JM: Roger Steffens put me in touch with Cindy. I told her what I was doing and she said that, if the program was an intelligent and sensible look at Bob’s life and her part in it, then she would be happy to take part.

GS: …a beautiful interview.

JM: She’s a wonderful person. She was so accommodating, so articulate, so helpful; really. When I asked her later for some pictures of her and Bob, they were put in the post immediately. She was really kind and generous. I was nervous about that interview, because I knew that the film would not work without certain elements: it needed Bunny, with his memories; it needed Cindy; and it needed Rita. And there was a problem. A big problem, because I had been led to understand that Rita would not want other women in the film. When I finally caught up with her, she was very difficult. She didn’t want to be in the program.
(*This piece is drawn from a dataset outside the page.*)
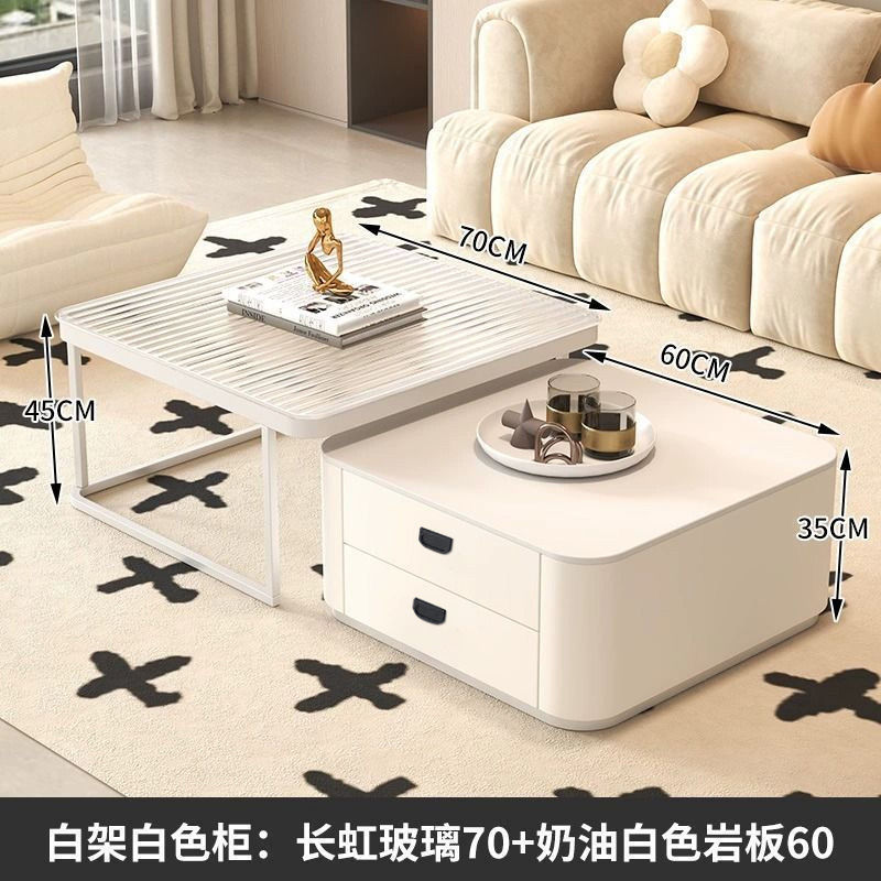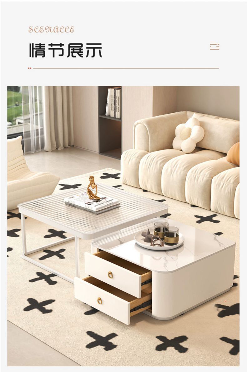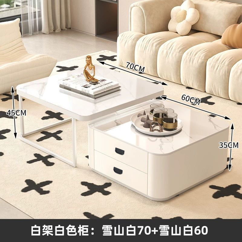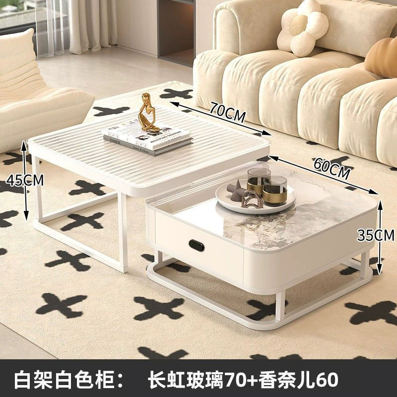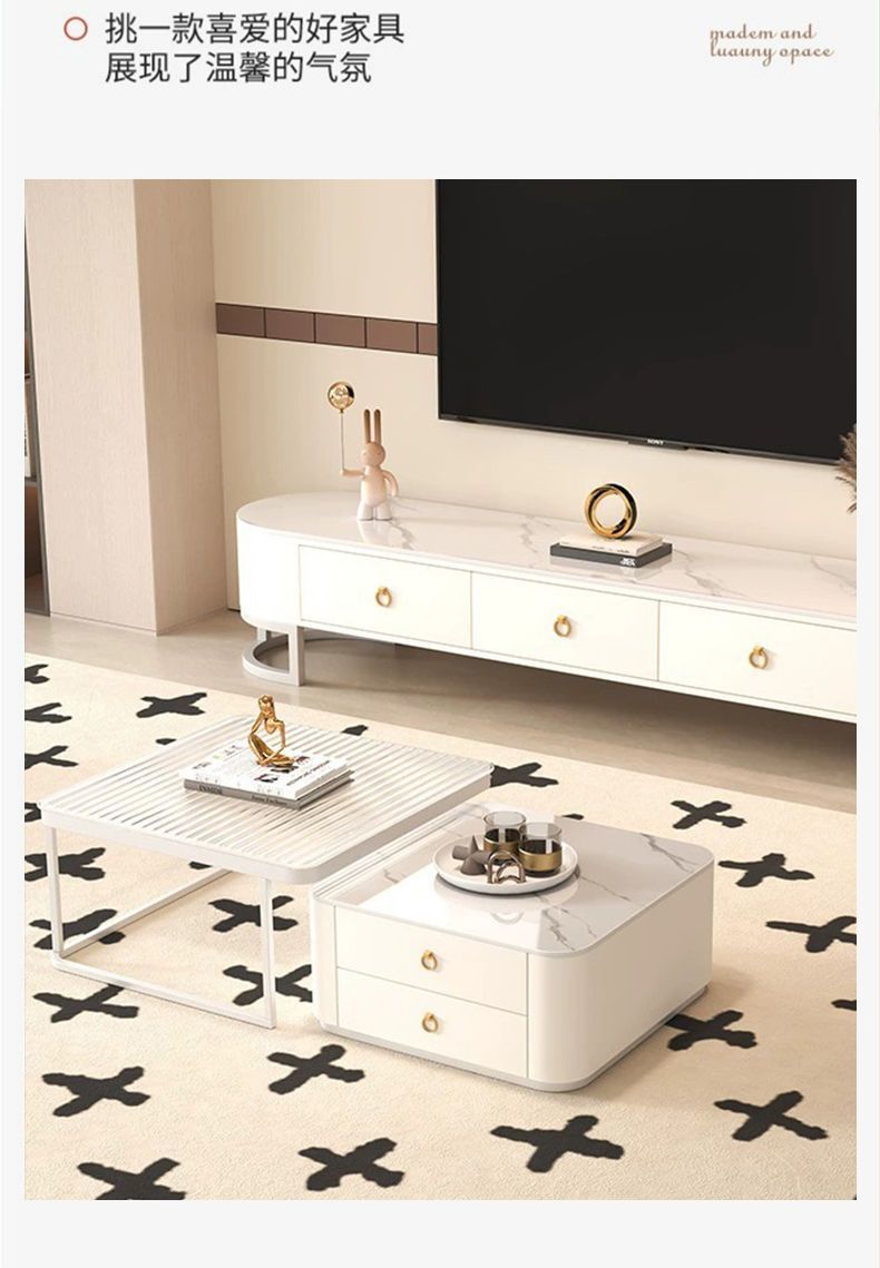 Shengbangrong 2024 새로운 크림 스타일 화이트 슬레이트 커피 테이블 세트, 가벼운 럭셔리, 소형 아파트 거실, 가정용, 심플하고 모던스토어 가기

GS: I’ve heard this song before, too!

JM: It was not because of the other women, she didn’t know about the other women, it was to do with the overall deal and the role the Marley family were going to play in the program, and how Bob was being depicted, and everything under the sun. We did hang around for two or three days, and we wasted a lot of time. Rita never appeared. So we left and I went to film Mrs. Booker, that wasn’t a very positive experience either; because she was surrounded by some fairly antagonistic people. So I came back and I didn’t have a decent interview with Mrs. Booker, although I was able to use a little bit of it, and I had no interview with Rita. Then there was an imbalance in the editing. Because Cindy was brilliantly articulate, striking, and her memories were great. Esther Anderson was pretty good, too, strong. But there was no Rita Marley. So we didn’t know what to do. Eventually Rita said, I’m going to do it if you’ll come up and film me on Monday, and that was on Friday night. And I said, where are you, Rita; well I’m in Jamaica. [laughing] And I said, ‘well, can’t you wait?’ and she said, ‘no, I’m going to Brazil on Tuesday.’ So I flew up there with a little mini handheld TV camera because I had to take it past customs, I’d no visa. So I flew in there like tourist, met up with a cameraman friend of mine who flew in as a tourist from America, and Rita was there, thank God, and she did a really good interview. And, out of the blue, she suddenly started talking about her feelings toward Cindy and the other women.

GS: Like not wanting to sing background on "Turn Your Lights Down Low," for instance?

JM: Well, yes, and all kinds of stuff which she’d never talked about before. And, in a way ultimately, Rita kind of holds the program together because Rita is one of those continuing people. She’s there at the beginning, all the way through to the end; she’s a thread throughout the program.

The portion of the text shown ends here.